Ele estava delirando. Ele não parecia entender que toda a sua carreira era um produto da influência da minha família.
"Dezenas de hospitais de ponta estão tentando me contratar!", ele se gabou, a voz rachando com uma mistura de desespero e bravata. "Se você me afastar mais uma vez, vamos nos divorciar! E você será a única a se arrepender!"
Agarrei as costas de uma cadeira, meus nós dos dedos brancos, forçando-me a ficar de pé. Encarei seu olhar furioso com uma calma gélida que pareceu perturbá-lo.
"Tudo bem por mim", eu disse, minha voz mal um sussurro.
Cássia, sempre a atriz, começou a tremer em seus braços.
"Daniel, não", ela fungou. "Ela é sua esposa. A vida de uma mulher é tão difícil depois de um divórcio. Você deveria ser paciente com ela."
Daniel soltou uma risada fria e cruel.
"Nem todas as mulheres merecem ser valorizadas, Cássia."
Um cansaço profundo, até os ossos, tomou conta de mim. A luta se esvaiu, substituída por uma dor vazia e oca. Eu não tinha mais nada a dizer.
Soltei a cadeira e me virei, subindo as escadas em silêncio.
Ele me encarou, sua bravata vacilando. Por um momento, vi um lampejo de pânico em seus olhos, como se ele não esperasse que eu pagasse para ver.
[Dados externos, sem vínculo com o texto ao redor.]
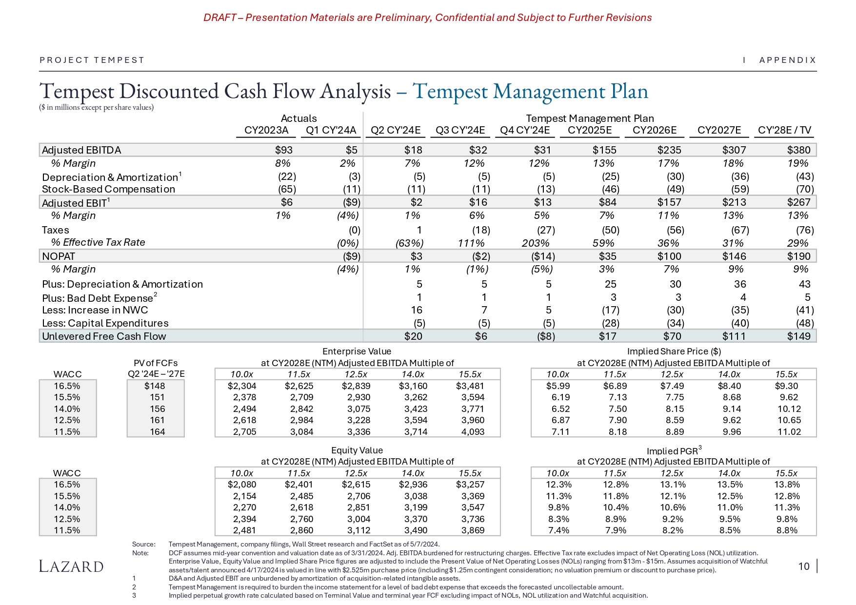 DRAFT – Presentation Materials are Preliminary, Confidential and Subject to Further Revisions Tempest Discounted Cash Flow Analysis – Tempest Management Plan ($ in millions except per share values) P R O J E C T T E M P E S T Source: Note: Tempest Management, company filings, Wall Street research and FactSet as of 5/7/2024. DCF assumes mid - year convention and valuation date as of 3/31/2024. Adj. EBITDA burdened for restructuring charges. Effective Tax rate excludes impact of Net Operating Loss (NOL) utilization. Enterprise Value, Equity Value and Implied Share Price figures are adjusted to include the Present Value of Net Operating Losses (NOLs) ranging from $13m - $15m. Assumes acquisition of Watchful assets/talent announced 4/17/2024 is valued in line with $2.525m purchase price (including $1.25m contingent consideration; no valuation premium or discount to purchase price). D&A and Adjusted EBIT are unburdened by amortization of acquisition - related intangible assets. Tempest Management is required to burden the income statement for a level of bad debt expense that exceeds the forecasted uncollectable amount. Implied perpetual growth rate calculated based on Terminal Value and terminal year FCF excluding impact of NOLs, NOL utilization and Watchful acquisition. 1 2 3 Actuals Tempest Management Plan CY2023A Q1 CY'24A Q2 CY'24E Q3 CY'24E Q4 CY'24E CY2025E CY2026E CY2027E CY'28E / TV $380 $307 $235 $155 $31 $32 $18 $5 $93 Adjusted EBITDA 19% (43) (70) 18% (36) (59) 17% (30) (49) 13% (25) (46) 12% (5) (13) 12% (5) (11) 7% (5) (11) 2% (3) (11) 8% (22) (65) % Margin Depreciation & Amortization 1 Stock - Based Compensation $267 $213 $157 $84 $13 $16 $2 ($9) $6 Adjusted EBIT 1 13% 13% 11% 7% 5% 6% 1% (4%) 1% % Margin (76) (67) (56) (50) (27) (18) 1 (0) Taxes 29% 31% 36% 59% 203% 111% (63%) (0%) % Effective Tax Rate $190 $146 $100 $35 ($14) ($2) $3 ($9) NOPAT 9% 9% 7% 3% (5%) (1%) 1% (4%) % Margin 43 36 30 25 5 5 5 Plus: Depreciation & Amortization 5 4 3 3 1 1 1 Plus: Bad Debt Expense 2 (41) (35) (30) (17) 5 7 16 Less: Increase in NWC (48) (40) (34) (28) (5) (5) (5) Less: Capital Expenditures $149 $111 $70 $17 ($8) $6 $20 Unlevered Free Cash Flow Enterprise Value at CY2028E (NTM) Adjusted EBITDA Multiple of Implied Share Price ($) at CY2028E (NTM) Adjusted EBITDA Multiple of PV of FCFs Q2 '24E – '27E WACC 15.5x 14.0x 12.5x 11.5x 10.0x $3,481 $3,160 $2,839 $2,625 $2,304 3,594 3,262 2,930 2,709 2,378 3,771 3,423 3,075 2,842 2,494 3,960 3,594 3,228 2,984 2,618 4,093 3,714 3,336 3,084 2,705 15.5x 14.0x 12.5x 11.5x 10.0x $9.30 $8.40 $7.49 $6.89 $5.99 9.62 8.68 7.75 7.13 6.19 10.12 9.14 8.15 7.50 6.52 10.65 9.62 8.59 7.90 6.87 11.02 9.96 8.89 8.18 7.11 16.5% 15.5% 14.0% 12.5% 11.5% $148 151 156 161 164 Equity Value at CY2028E (NTM) Adjusted EBITDA Multiple of Implied PGR 3 at CY2028E (NTM) Adjusted EBITDA Multiple of WACC 15.5x 14.0x 12.5x 11.5x 10.0x $3,257 $2,936 $2,615 $2,401 $2,080 3,369 3,038 2,706 2,485 2,154 3,547 3,199 2,851 2,618 2,270 3,736 3,370 3,004 2,760 2,394 3,869 3,490 3,112 2,860 2,481 15.5x 14.0x 12.5x 11.5x 10.0x 13.8% 13.5% 13.1% 12.8% 12.3% 12.8% 12.5% 12.1% 11.8% 11.3% 11.3% 11.0% 10.6% 10.4% 9.8% 9.8% 9.5% 9.2% 8.9% 8.3% 8.8% 8.5% 8.2% 7.9% 7.4% 16.5% 15.5% 14.0% 12.5% 11.5% I A P P E N D I X 10

Ele abriu a boca para me chamar.
Mas então, o telefone de Cássia tocou, um toque alegre e tilintante que cortou o silêncio tenso.
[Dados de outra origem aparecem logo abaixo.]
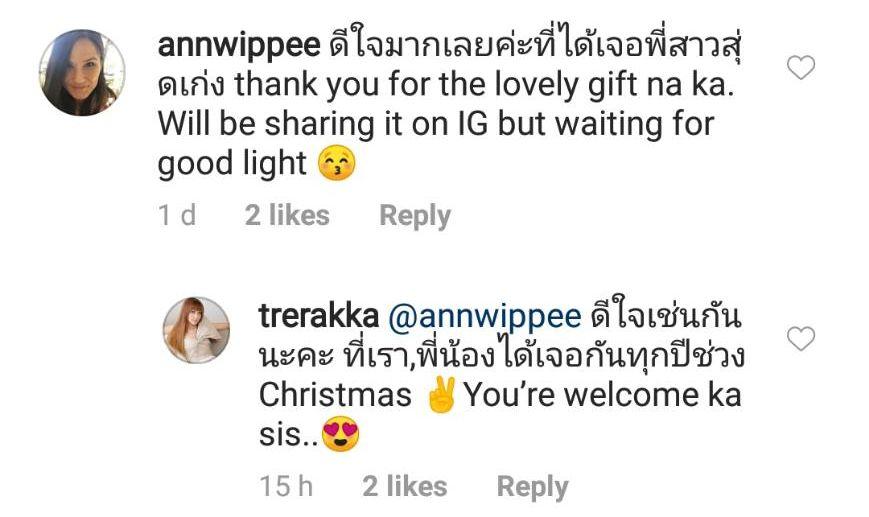 ด้าน แอนเดรีย ก็ได้เข้ามาคอมเมนต์ว่า “ดีใจมากเลยค่ะที่ได้เจอพี่สาวสุดเก่ง thank you for the lovely gift na ka. Will be sharing it on IG but waiting for good light” และ บุ๋ม ได้ตอบกลับว่า “ดีใจเช่นกันนะคะ ที่เรา,พี่น้องได้เจอกันทุกปีช่วง Christmas You’re welcome ka sis..”

"Alô?", ela atendeu, a voz de repente cheia de pânico maternal. "O quê? Febre? Quão alta? Ok, ok, estou indo agora mesmo!"
O rosto de Daniel ficou pálido.
"O que há de errado? São as crianças?"
"Sim", ela soluçou, agarrando o braço dele. "Meu caçula está com febre alta. Tenho que ir para o hospital."
"Eu te levo", disse ele sem um momento de hesitação.
Ouvi a porta da frente bater. O som ecoou pela casa vazia, uma pontuação final e definitiva no fim do meu casamento.
Caí no chão, minhas pernas cedendo. O mármore frio penetrou em minhas roupas, mas eu não conseguia sentir. Tudo o que eu sentia era o buraco enorme no meu peito.
Ele tinha filhos. Era a única explicação que fazia sentido. Aqueles cinco meninos de que Cássia tanto se orgulhava... eram dele?
Minha mão tremeu enquanto eu pegava meu telefone e discava o número do meu irmão.
"Guilherme", eu disse, minha voz tensa e forçada. "Preciso que você faça algo por mim."
"Alana? O que há de errado? Você parece péssima."
"Investigue o Daniel", eu disse, as palavras com gosto de cinzas na minha boca. "E nossa babá, Cássia Valente. Quero saber de tudo."
"Ele te traiu?", a voz de Guilherme endureceu, o irmão mais velho protetor instantaneamente em alerta máximo.
"Eu acho", engasguei, a possibilidade tão monstruosa que mal conseguia falar. "Acho que ele pode ter uma família secreta."
Houve uma inspiração aguda do outro lado da linha.
"O quê? Isso é impossível, Alana. Os médicos todos disseram... ele não pode ter filhos. Pode?"
A pergunta pairou no ar, um testamento ao absurdo de tudo aquilo. Senti o resto da minha força se esvair.
"Ela se autodenomina um 'ímã de bebês', Guilherme", sussurrei, minha garganta se fechando. "Ela diz que é 'hiperfértil'."